5. Side chain modeling

In proteins that are homologous (identity > 40%), side chain conformations (rotamers) are frequently preserved. The conserved residues frequently participate in a web of interactions that control their conformation.

The model simply copies the coordinates of conserved residues from the template.

To arrange side chains, a library of common rotamers derived from X-ray structures is frequently employed (knowledge based). An energy function is then used to assess various conformations.

Position-specific libraries based on backbone torsion angles and secondary structures (phi,psi) are used to handle combinatorial explosion.

combinatorial explosion

Figure 5. A combinatorial explosion is the rapid increase in a problem's complexity that results from the combinatorics of the issue being influenced by its input, constraints, and boundaries.

The hydrophobic core has a more precise rotamer prediction.

6. Model improvement

A accurately predicted backbone conformation is necessary for an appropriate prediction of side chains rotamers. However, side chain packing is essential for the backbone itself.

Iteratively modeling rotamers and backbone structures allows the initial model to be improved.

diagram

Figure 6. Gene mutations can take pl

Simulations of molecular dynamics can also be utilized to improve the model.

7. Model verification

Errors in a model could be caused by:

percent of the template's and the model's sequences that are identical.
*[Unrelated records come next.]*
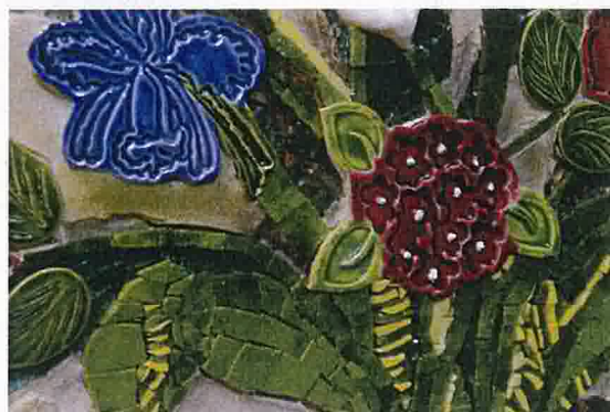
Figure 16: Detail from one of Leonie Scott's mosaics.

community networks and in these contexts they have other identities and roles. Their identities are fluid, multiple and shifting.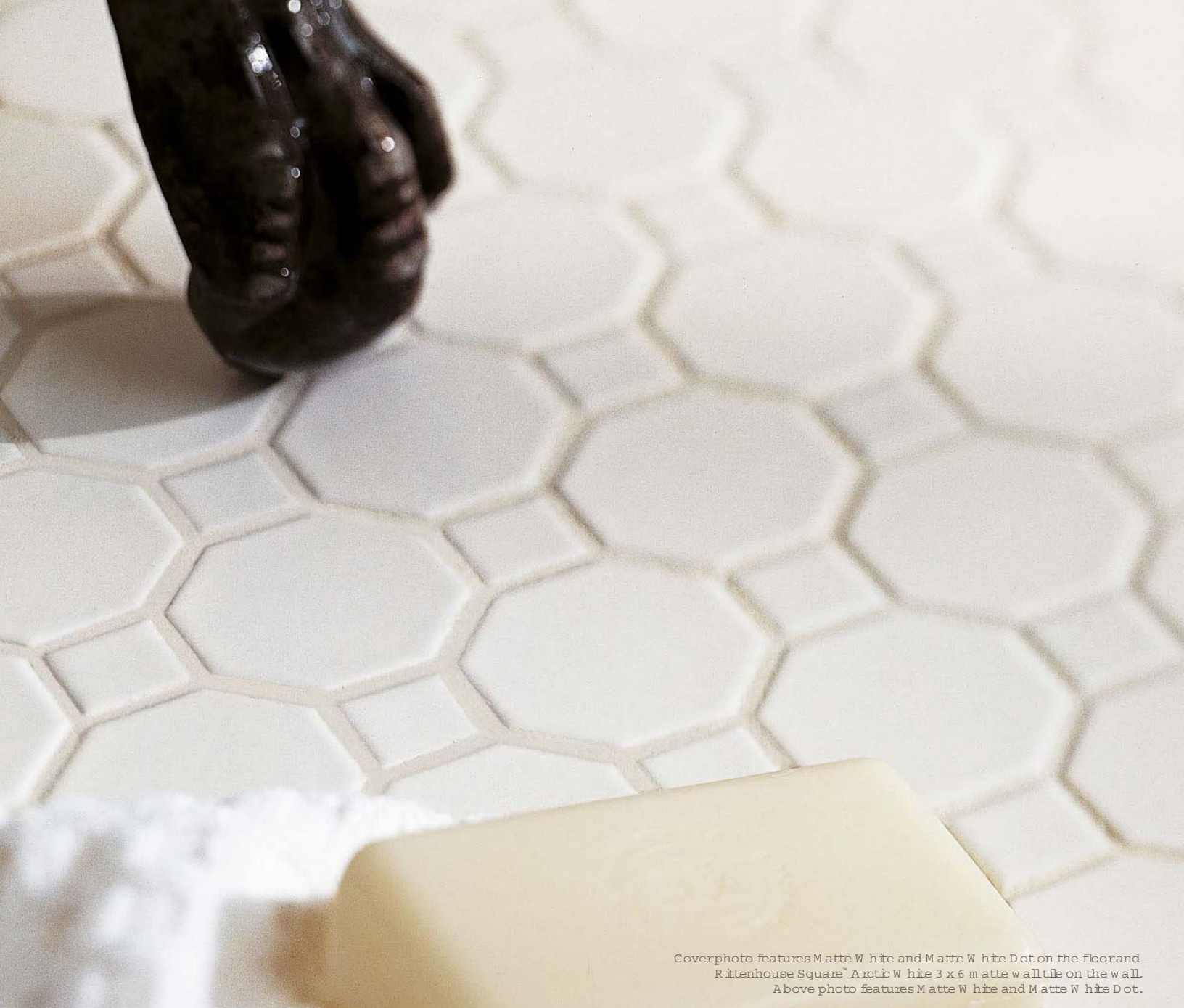
Coverphoto features Matte White and Matte White Dot on the floor and Rittenhouse Square™ Arctic White 3 x 6 matte wall tile on the wall. Above photo features Matte White and Matte White Dot.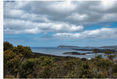
On location in Albany for Russian Spy RussianSpy_BTS_22.png Frenchman's Bay, Albany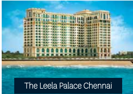
The Leela Palace Chennai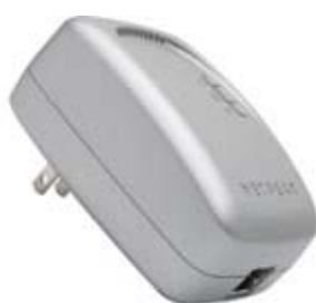
Netgear XE102 7

By inserting a network cable into a device like Netgear's XE102 7 and then plugging it into an electrical outlet, an individual can turn a building's electrical wiring into a 56-bit DES encrypted network that cannot be sniffed or detected like wireless. By using a second EoP device, an intruder can be anywhere in a building and casually search for and steal data without revealing his real physical location. If an EoP device is discovered, it will most likely be overlooked as a power supply or some sort of surge protector.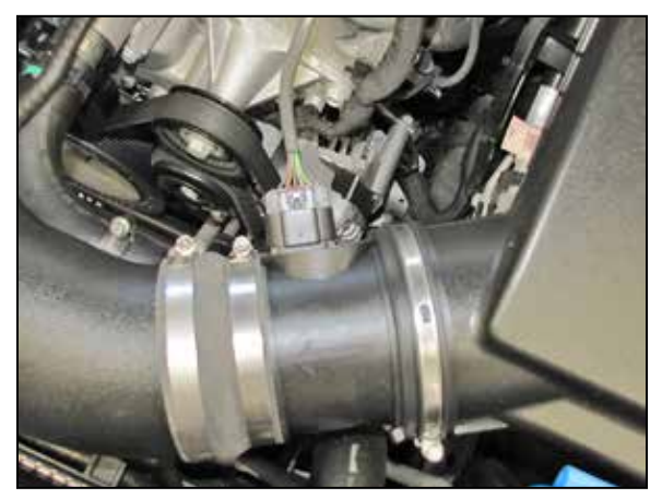
13. Reconnect the mass air sensor electrical connection.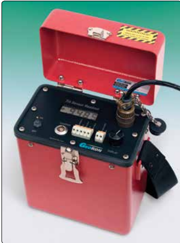
● The Model RB-500 MEMS Readout for use with the Model 6160 Tilt Sensors.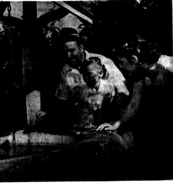
Irresistible to all is the 19th century wishing well. The money thus collected amounts to about $300.00 a year and is turned over to the Red Cross. Here one of the hopefuls of the world makes that all important wish.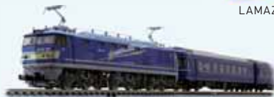
TOMIX JR東日本商品化許諾済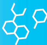
Carbon Block Filter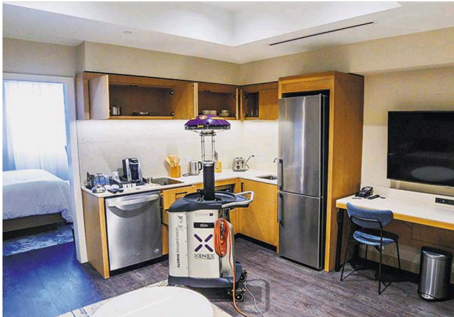
WESTIN HOUSTON MEDICAL CENTER

From top: the Westin Houston Medical Center, which added germ-zapping robots to its housekeeping team; JetSuite; the Cape Arundel Inn & Resort in Kennebunkport, Maine.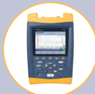
OptiFiber® Certifying OTDR

Check our complete line of SuperVision products like these at www.flukenetworks.com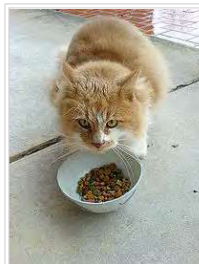
Cat with a bowl of pelleted cat food.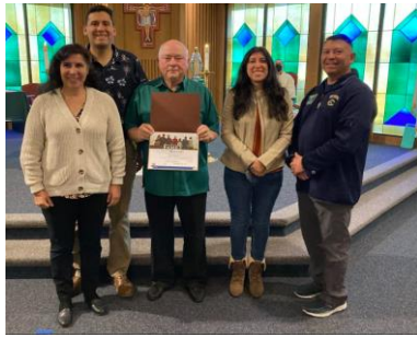
August-The Rivera Family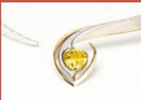
Eddie Sakamoto, Wicked , an 18-kt yellow-green gold and platinum collar-style necklace featuring a 30ct natural canary yellow, copper bearing tourmaline mined in Africa, and diamonds.

Somewhere In The Rainbow A Modern Gem & Jewelry Collection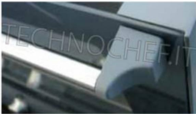
Colonnine porta in tecnopolimeri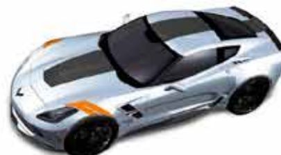
Arctic White, Volcano Orange, Carbon Flash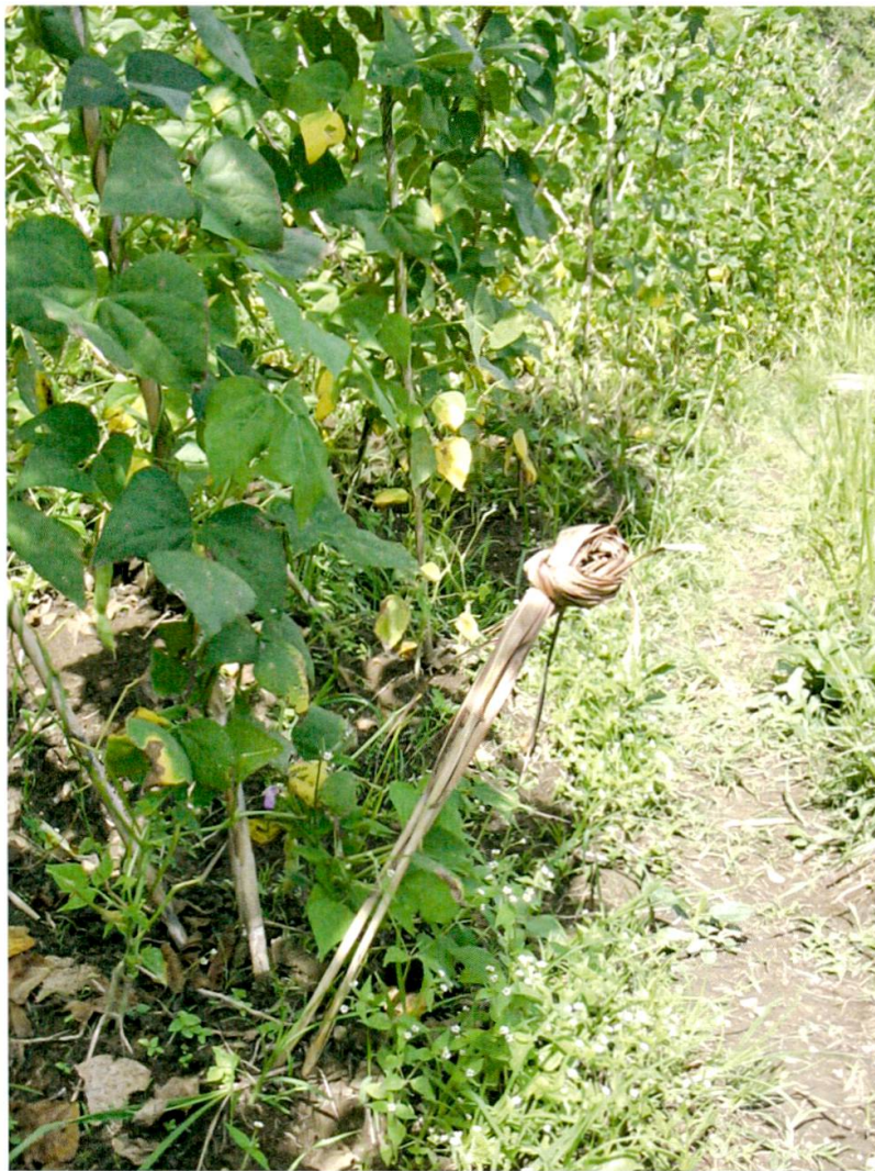
Figure 3: Pudung knot protecting field.

When Duntugan had finished planting his rice field, he put up a fence of pudung knotted grass straws around his field to protect against the retrieval of the life force of the rice by malicious forces (Figure 3). According to Duntugan,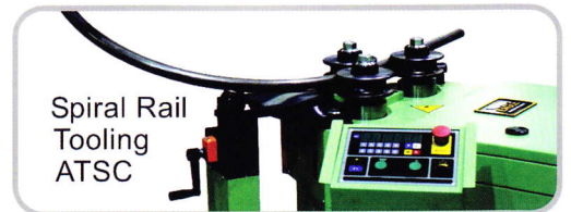
Spiral Rail Tooling ATSC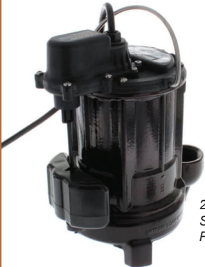
257 SUMP PUMP

Model 257 is for Sump and De-watering Applications only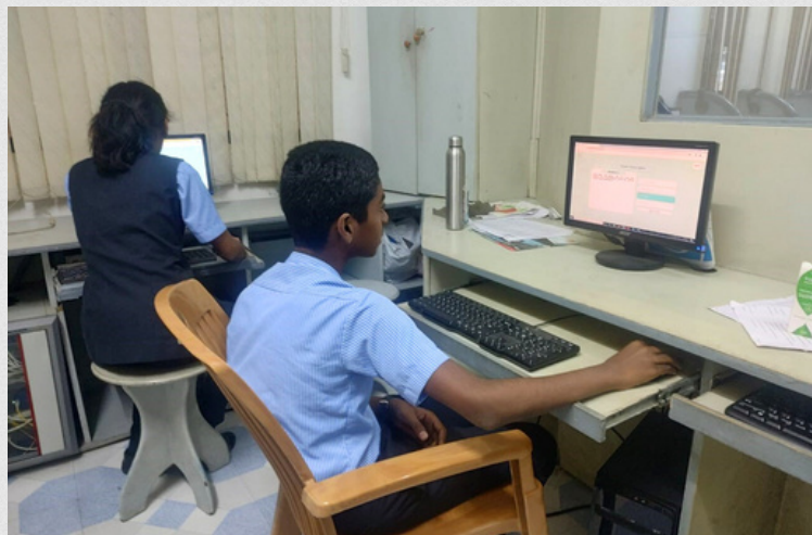
Quiz conducted by Rohan's Books publication on 19th January 2024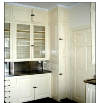
A look inside... the O'Connor Irish Heritage House

For more information please visit www.IrishHeritageHouse.com or email us at info@irishheritagehouse.com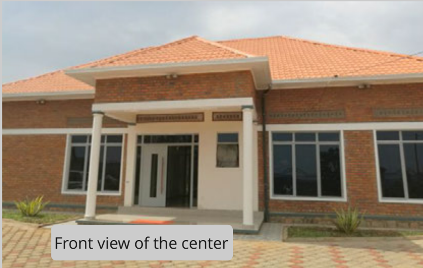
Front view of the center

The center which also hosts our head office will go along way in serving the ministry needs while also making it possible for our partners to serve our people inexpensively. Thank all that God used to support this project that is another milestone for our ministry.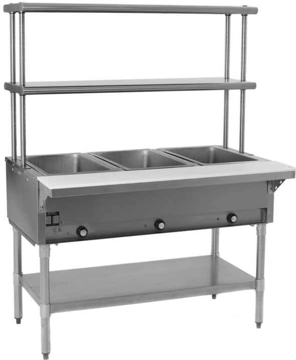
3-well hot food table with Flex-Master® Overshelf System

Eagle Flex-Master® Overshelf System for Hot Food Tables to consist of 10"- or 15"-wide 16/304 stainless steel shelves with tapered collars, adjustable in 1" increments. Shelves come with split sleeves. Posts are stainless steel, with mounting plates included. Optional hooks, pot and ladle racks, and heat lamp brackets are available.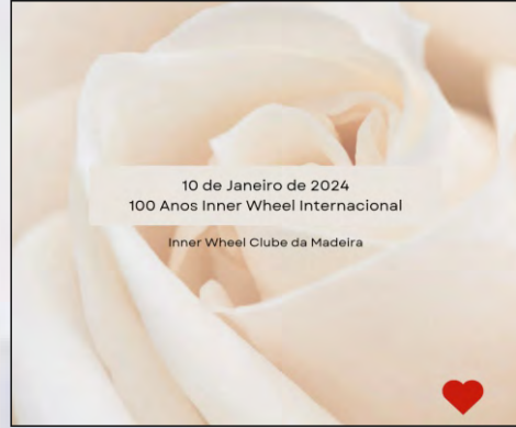
NDC IWC of Madeira Portugal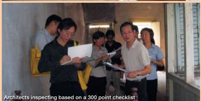
Architects inspecting based on a 300 point checklist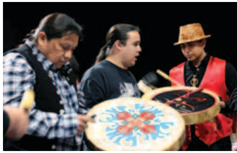
A coastal group gracefully honors Billy with mesmerizing traditional songs.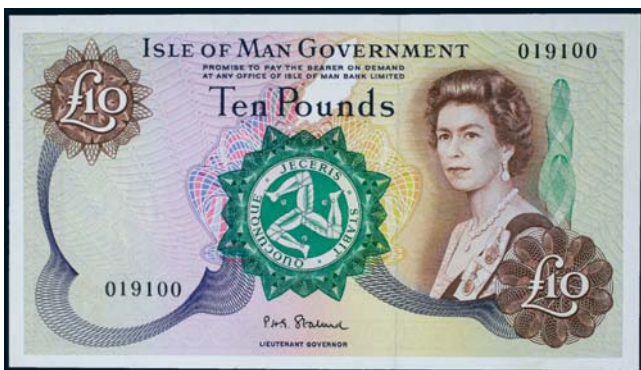
3447* Isle of Man, Isle of Man Government, Elizabeth II, ten pounds, undated (1972), 019100 (P.31a). Uncirculated and very rare.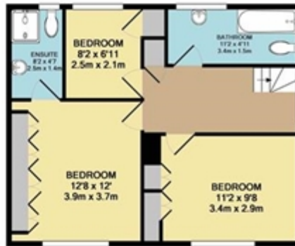
1ST FLOOR APPROX. FLOOR AREA 530 SQ. FT. (49.2 SQ. M.)

TOTAL APPROX. FLOOR AREA 1280 SQ. FT. (118.9 SQ. M.) Whilst every attempt has been made to ensure the accuracy of the floor plan contained here, measurements of doors, windows, rooms and any other items are approximate and no responsibility is taken for any error, omission, or mis-statement. This plan is for illustrative purposes only and should be used as such by any prospective purchaser. The services, systems and appliances shown have not been tested and no guarantee as to their operability or efficiency can be given. Made with Metropix Q2018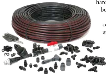
DL2000 System Golf Kit

DL2000 provides many valuable advantages. Agronomically, subsurface drip irrigation enables you to apply precise amounts of water directly to the root zones of your turfgrass and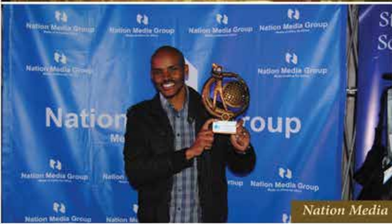
Nation Media Group Golf Day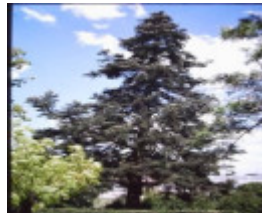
T11437 Abies pinsapo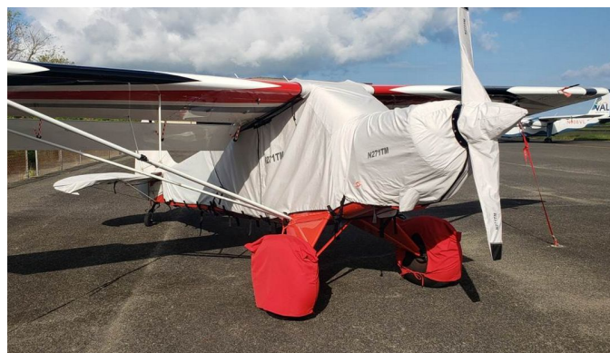
Aviat Husky Extended Canopy Cover, Engine, Prop, Empennage & Tire Covers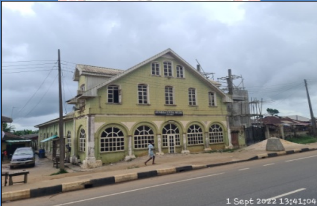
NAME: OKE MAGBA CENTRAL MOSQUE ADDRESS: EPE IJEBU-ODE ROAD, OKE MAGBA, MOJODA, EREDO, EPE DEFECTS: NIL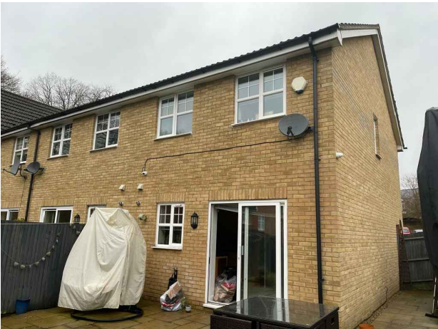
03 - SIDE VIEW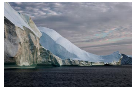
Work by Thomas Pickarski

Central Piedmont Community College is highly accessible and convenient to people of all ages who seek a real-world, affordable, hands-on education that will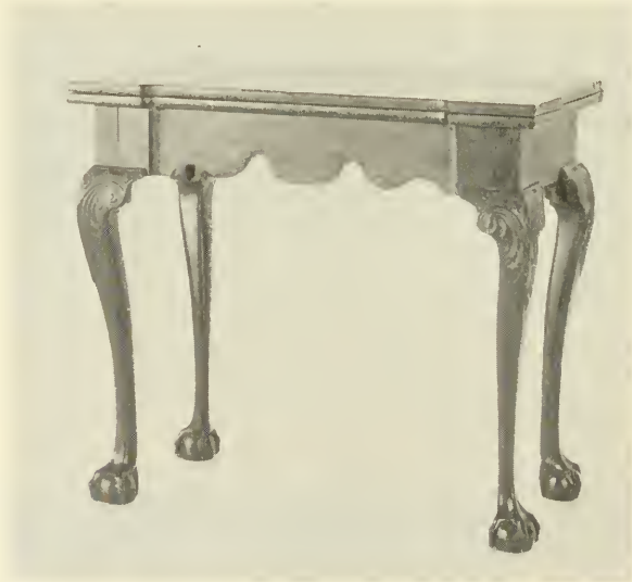
Figure 2. One of two identical gaming tables, one having descended in the Willie Jones family, "The Grove," Halifax, North Carolina. It is of mahogany with felt top fitted for counter pockets and candle reserves, and with secondary woods of red oak for frame and medial brace, American black walnut for gate frame. 27½" HOA, 31¾" WOA.

The tables (Figs. 2 & 3) have identically carved knees and brackets with similar strapwork running across the top and down the brackets to the leaf carving, and the same sparsely placed punchwork backgrounds. The back talons of the feet are unusually knife-like (Fig. 4). We attribute the carving to the same hand as the stair carving of the Blair-Pollock house.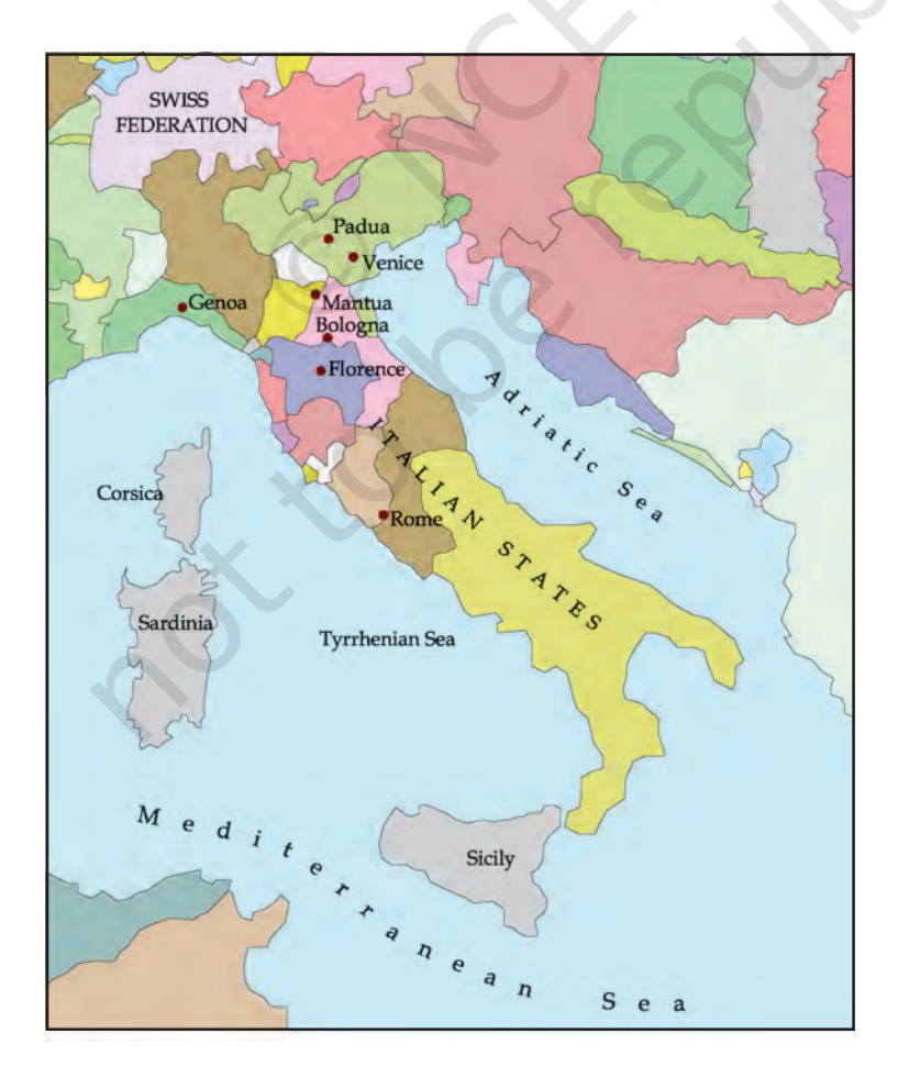
MAP 1: The Italian States

With the expansion of trade between the Byzantine Empire and the Islamic countries, the ports on the Italian coast revived. From the twelfth century, as the Mongols opened up trade with China via the Silk Route (see Theme 5) and as trade with western European countries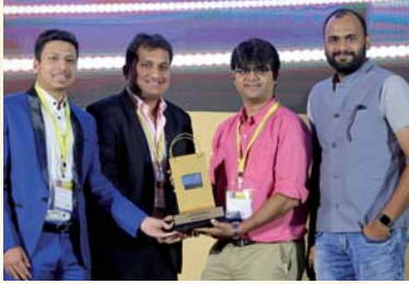
★ Nucleus Mall, Ranchi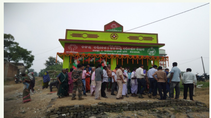
Inauguration of VSS Building-cum-IGA Facilitation Centre at Sikaripalli VSS, Bargarh Division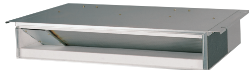
Multi F Ceiling Concealed Ducted Indoor Units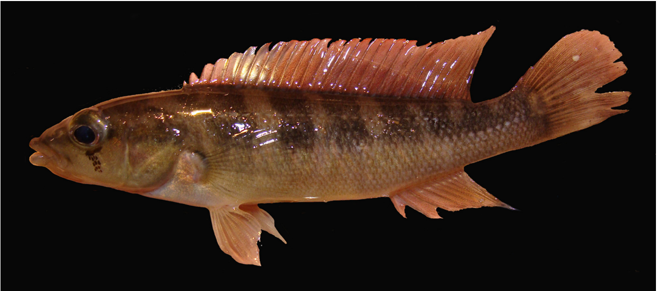
FIGURE 3. Crenicichla taikyra , paratype, live specimen, MACN-ict 9466, 74.9 mm, Argentina, Corrientes province, Ituzaingo city.

Colour upon capture. Colours not greatly different from coloration in alcohol, background of body pale gray or olive green (Fig. 3). Dorsal, anal, and caudal fins pale gray or olive green. Pectoral fin hyaline, pelvic fin pale gray.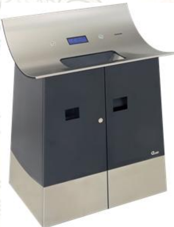
Penguin + Range

Options include: Coin cartridge, multi bagging, header and footer programme, card reader, key pad, touch screen, bank note acceptor, SMS text messaging of status on the machine, optional colour.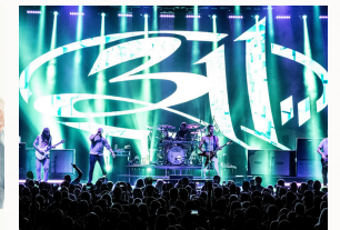
311 is still touring, recently at Red Rocks!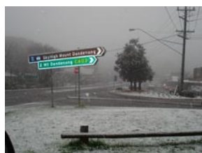
Winter 2008 is treating guests to snow in the Dandenong's!

High sequence identity values (> 90%) can result in models that are as accurate as experimentally confirmed structures.

Local model errors are increasingly likely and alignment gets more challenging as identity percentage declines.

Amount of mistakes in the template.

A model's errors can be calculated by calculating normalcy indices with respect to experimental structures. Torsion angles, bond lengths/angles,residue distribution between polar and non-polar, etc..

---- Summary ----

As of now you know all basics of Fold Structures.